> **PROVIDED ENTRIES**:
"""

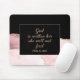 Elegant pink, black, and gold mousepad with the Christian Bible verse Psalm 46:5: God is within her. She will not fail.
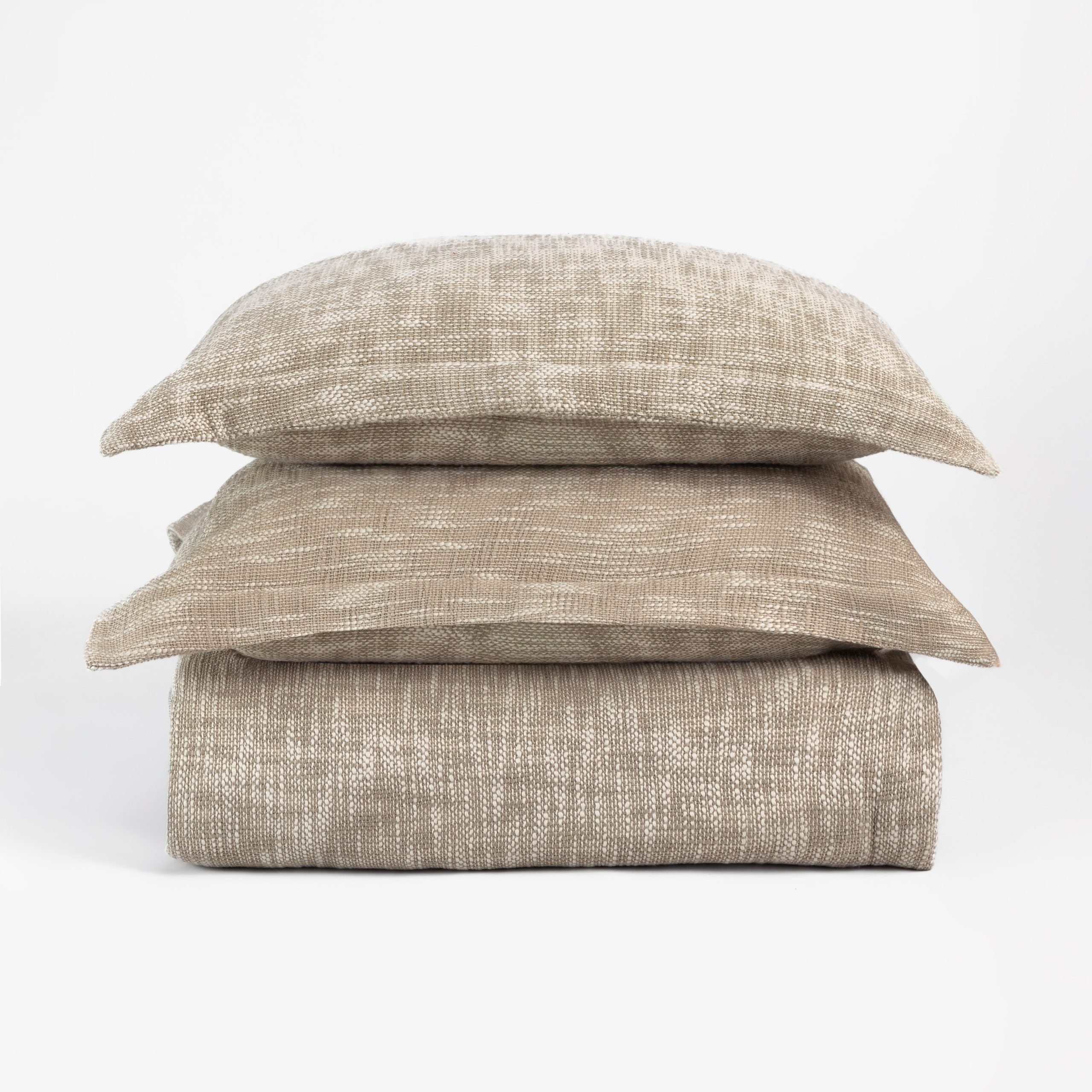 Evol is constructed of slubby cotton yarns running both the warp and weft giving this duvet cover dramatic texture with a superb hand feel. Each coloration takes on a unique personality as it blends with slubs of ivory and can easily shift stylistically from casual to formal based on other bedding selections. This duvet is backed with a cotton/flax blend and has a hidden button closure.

"""
"""

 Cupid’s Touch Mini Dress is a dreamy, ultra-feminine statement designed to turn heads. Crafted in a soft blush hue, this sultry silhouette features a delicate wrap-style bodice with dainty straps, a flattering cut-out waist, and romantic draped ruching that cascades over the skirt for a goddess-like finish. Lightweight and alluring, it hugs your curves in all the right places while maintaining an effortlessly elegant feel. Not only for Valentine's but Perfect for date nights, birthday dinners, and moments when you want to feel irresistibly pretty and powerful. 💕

"""

> **YOUR ASSIGNMENT**: Keep to the stretch from the line containing "Elegant pink, black, and" through the line containing "Evol is constructed", both ends included, and copy it exactly from the listing above, minus the pictures.

> **ANSWER SPACE**:
 Elegant pink, black, and gold mousepad with the Christian Bible verse Psalm 46:5: God is within her. She will not fail.
 Evol is constructed of slubby cotton yarns running both the warp and weft giving this duvet cover dramatic texture with a superb hand feel. Each coloration takes on a unique personality as it blends with slubs of ivory and can easily shift stylistically from casual to formal based on other bedding selections. This duvet is backed with a cotton/flax blend and has a hidden button closure.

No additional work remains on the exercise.